Economy Updates – Sep-2014

Real Estate Investment Trusts (REITs)

  • Finance Minister Arun Jaitley, while presenting the budget for 2014-2015, said that Real Estate Investment Trusts (REITs) would soon be allowed.
  • SEBI has already announced draft regulations for REITs and is also expected to issue final guidelines in few weeks.
  • India is gearing up for a new concept called REITs.

Origin of REITs

  • The concept Real estate investment trusts (REITs) was originated in the USA in 1960s.
  • REITs were created by US Congress to give all individuals the opportunity to benefit from investing in income-producing real estate.
  • The stockholders of a REIT earn a share of the income produced through real estate investment, without actually having to go out and buy or finance a property.
  • The concept of REITs has quickly spread across the world and in many countries REIT legislation has been adopted.

What is REITs?

  • Real Estate Investment Trusts are a special type of investment vehicle which operate more like mutual funds but invest in real estate properties for returns.
  • These properties are usually income generating properties, commercial or residential, and the returns from such investment are passed on to the investors in the REITs.
  • Usually REITs’ units, issued by fund houses, are traded on the stock exchanges and investors can buy and sell those units like stocks.
  • In India, market regulator is in the process of formulating rules for launching REITs in India.

Types of REITs

There are internationally three types of REITS:

  • Equity REITs: Equity REITs invest in and own properties ( thus responsible for the equity or value of their real estate assets).

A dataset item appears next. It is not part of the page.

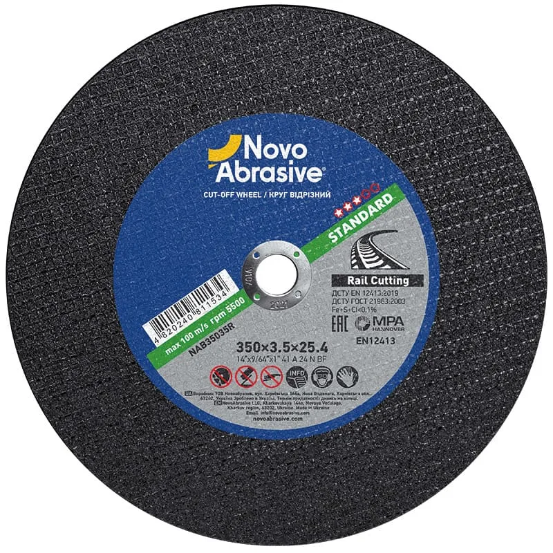 El disco de corte NovoAbrasive Standard 41 de 350 x 3,5 x 25,4 mm con raíl y velocidad de 100 m/s cumple con la norma de seguridad EN 12413. Esta norma regula los requisitos de resistencia, marcado y uso seguro de las herramientas abrasivas.

Their revenues come principally from their properties rents.
  • Mortgage REITs: Mortgage REITs deal in investment and ownership of property mortgage. Their revenues are generated primarily by the interest that they earn on the mortgage loans.
  • Hybrid REITs: Hybrid REITs combine the investment strategies of equity REITs and mortgage REITs by investing in both properties and mortgages. REITs in India will be SEBI Draft Regulations for REITs
    • At least 90% of the value of the REIT assets shall be in completed revenue generating properties.
    • To distribute at least 90% of the net distributable income after tax of the REIT to the investors.
    • REIT shall invest only in assets based in India.
    • Investment shall not be allowed to be made by REIT in vacant land or agricultural land or mortgages other than mortgage backed securities.
    • Investment up to 100% of the corpus of the REIT has been permitted in one project subject to the condition that minimum size of such asset is not less than Rs. 1000 crore.
    • The funds may be raised by REIT from resident or foreign investor. However, the draft regulations proposed that till the time the market develops, REITs may be offered only to HNLs/Institutions. Further, minimum subscription size shall be Rs. 2 lakhs and unit size shall be Rs. 1 lakh.

Benefits of REITs

  • REITs offers investors an option to include real estate in their investment portfolio.
  • In several of the developed markets, REITs are one of the most liquid investment products for investing in the real estate sector.
  • An investor can invest even with a relatively low sum of money rather than investing huge sum directly in real estate.